Original item: One-of-a-kind. This is a wartime heavy iron vaulted building identification Emailleschild (enameled sign). This is a very robust well-made sturdy sign, with typical construction details of German government signage. The front is covered with white porcelain enamel, with a double black border around the edge. The German Blackletter typeface text on the front reads:

Ortsgruppe Nellendorf
Amt f. Volkswohlfahrt

The National Socialist People's Welfare (Nationalsozialistische Volkswohlfahrt, NSV) was a social welfare organization during the Third Reich. The NSV was established in 1931 as a local welfare organization in the city of Berlin. On 3 May 1933, shortly after the NSDAP took power in Weimar Germany, AH turned it into a party organization that was to be active throughout the country. The structure of the NSV was based on the NSDAP model, with local, county (Kreis) and district (Gau) administrations.

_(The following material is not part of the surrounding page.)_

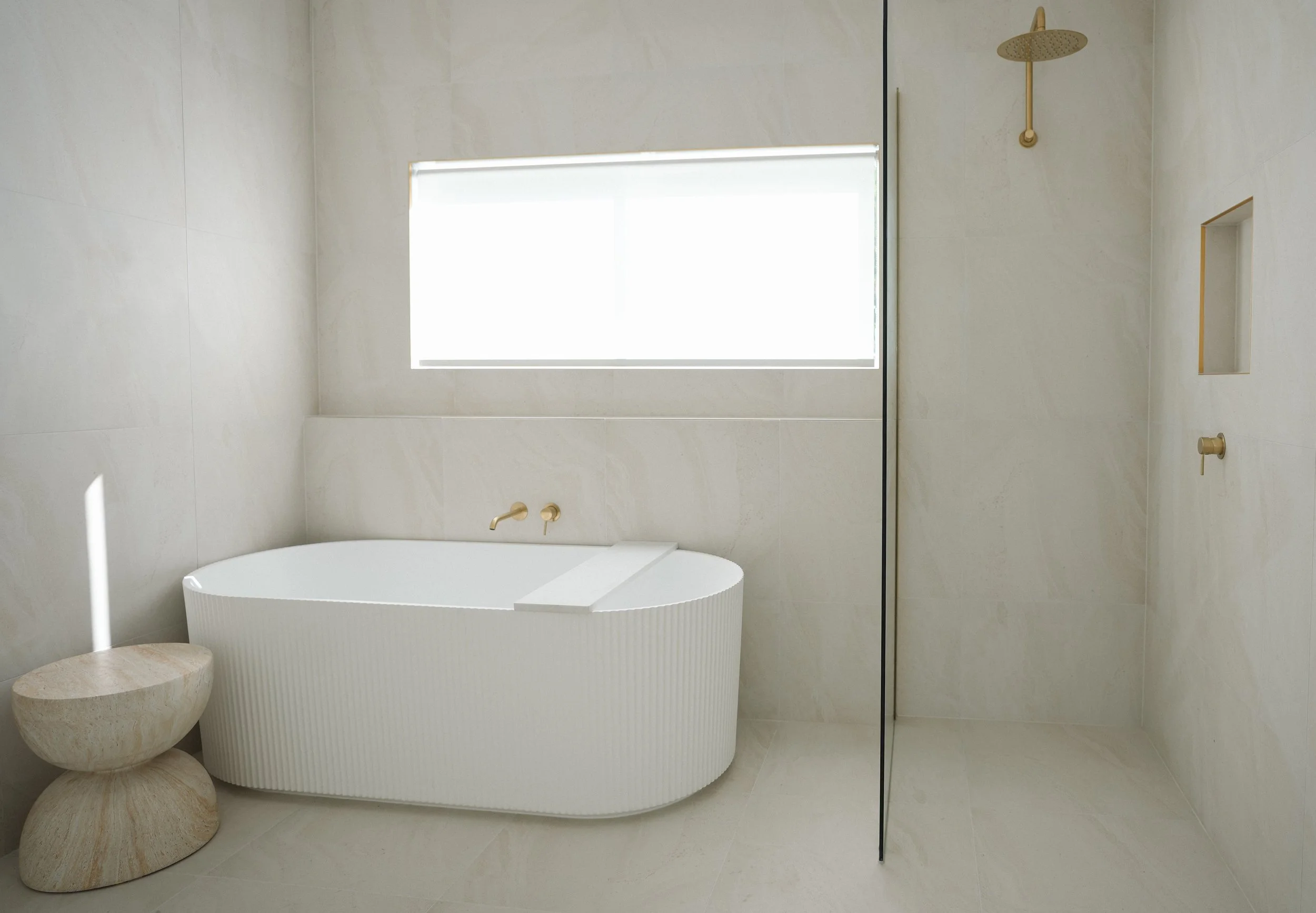 Modern bathroom with a white freestanding bathtub, gold fixtures, a stone side table, a window above the tub, a shower area with a rain showerhead, and minimalist decor.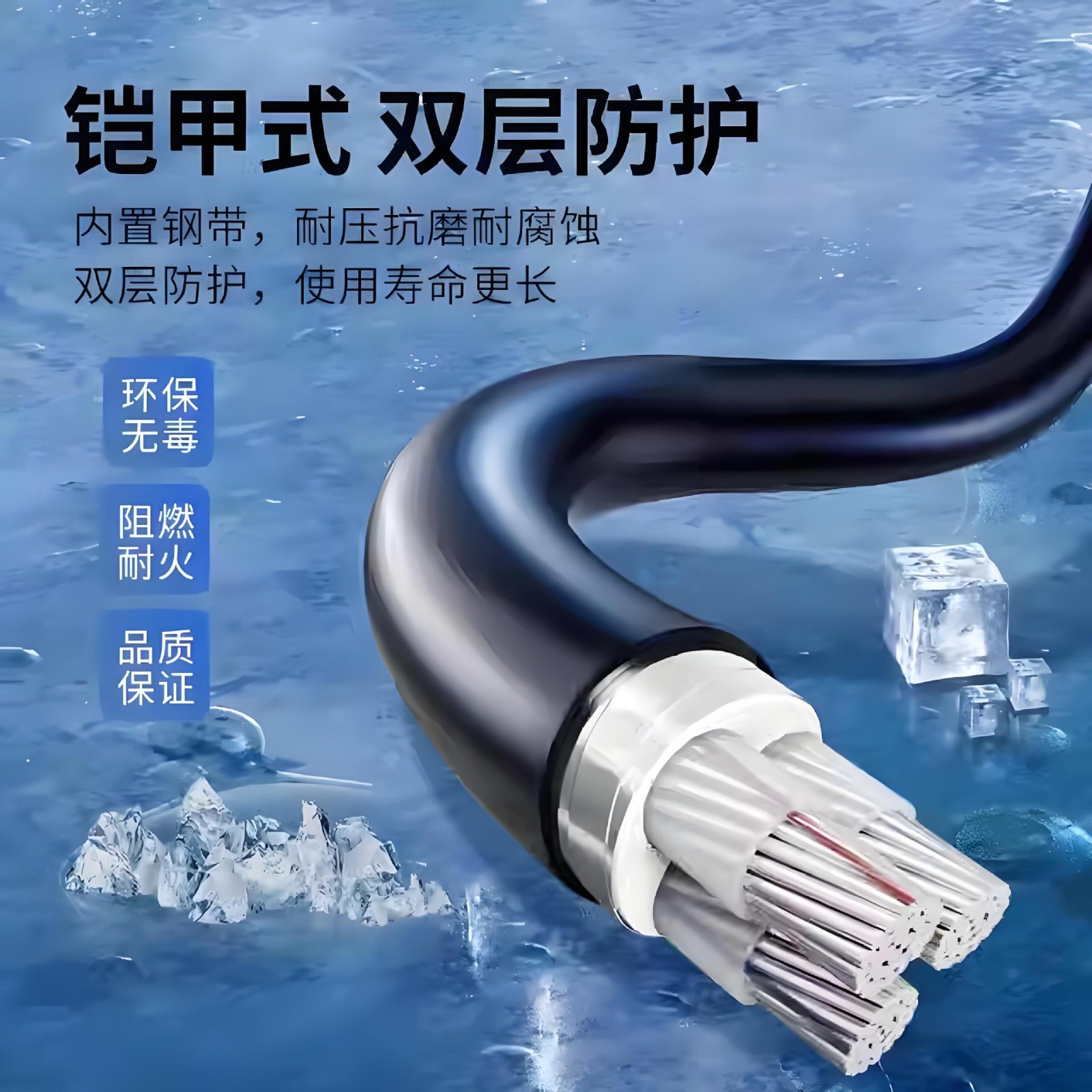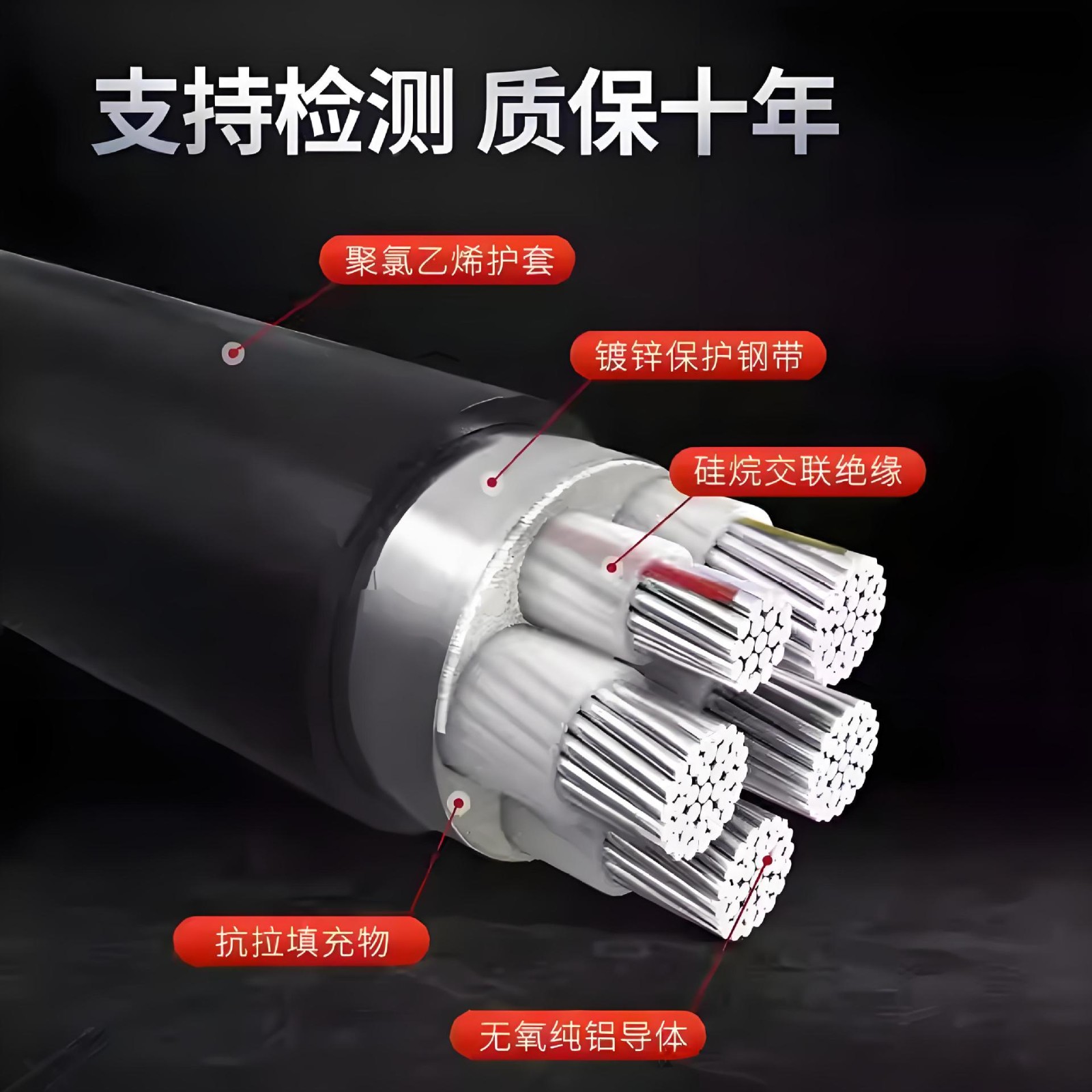 国标纯铝芯YJLV/VLV22架空1/2/3/4/5芯10平方地埋铠装电力电缆线 2米

Under the NSV, German social welfare and voluntary charity were thoroughly restructured to follow the racial and ideological goals of the Third Reich. The NSDAP government declared that in the future, welfare and charitable aid would be granted only to individuals who were "racially superior" and could prove their value to the Volksgemeinschaft. The criteria for receiving aid were both racial and political, as individuals could be denied assistance for being Jewish and also for being Communists, Social Democrats, or other political opponents of the regime. The list of those excluded from NSV benefits was composed of "alcoholics, tramps, homosexuals, prostitutes, the 'work-shy' or the 'asocial', habitual criminals, the hereditarily ill (a widely defined category) and members of races other than the Aryan."

Condition is very good, with loss of the enamel on all four corners, which was touched up with white paint at some point in the past. There is also a production number on the lower left side, but it looks to be incomplete. There was probably also a maker mark on that corner. The sign measures 14" x 19.5", and is really nice example.

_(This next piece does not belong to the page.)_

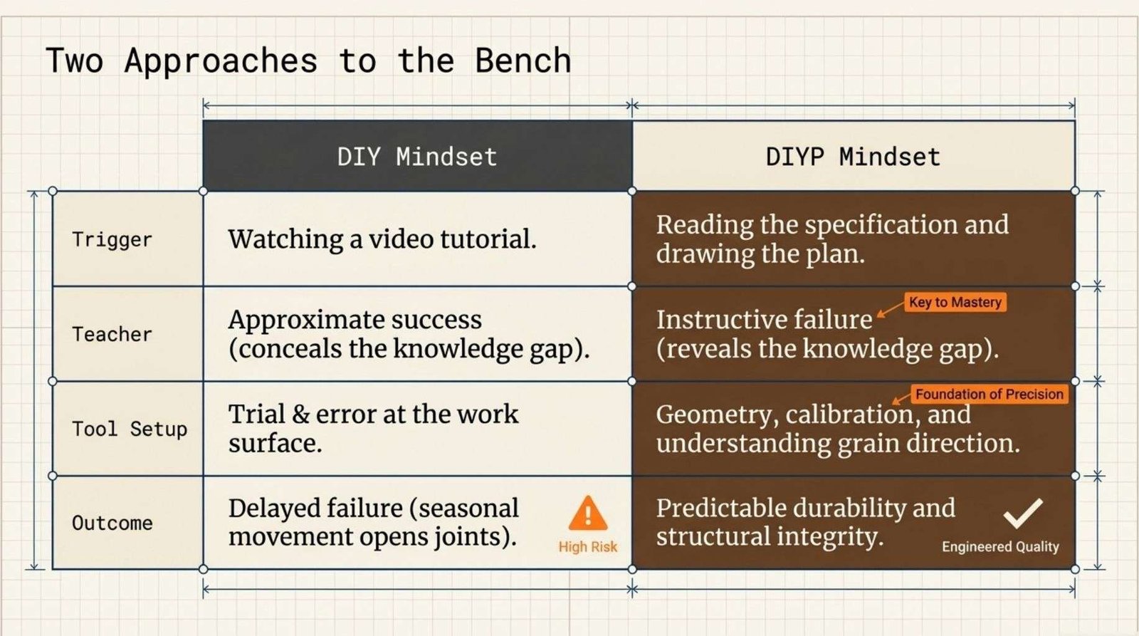 This article is about that relationship. It is about what proper preparation actually means across the full arc of a woodworking project, from the research that should precede a tool purchase to the knowledge that determines whether a finish holds or fails. The workshop is the best possible classroom for the DIYP principle, and its lessons apply well beyond it.

The sign is mounted to a lovely hardwood display board, which looks to be some type of oak based on the grain pattern. It has been varnished in a lovely red brown color, and is about 1" thick, with beveled edges. It measures 16 3/4" x 22 1/2" in size, and has a chain mounted on the back for wall display. We unfortunately do not know if this is an original WWII mounting, or whether it was done for display post war.

Signs of this nature were quickly destroyed after the fall of Germany in April 1945, ones like this were salvaged by USGIs who wanted to bring home a trophy of war. Therefore, finding authentic (beware many fakes) porcelain building signs from the Third Reich has become quite difficult in the collector's market.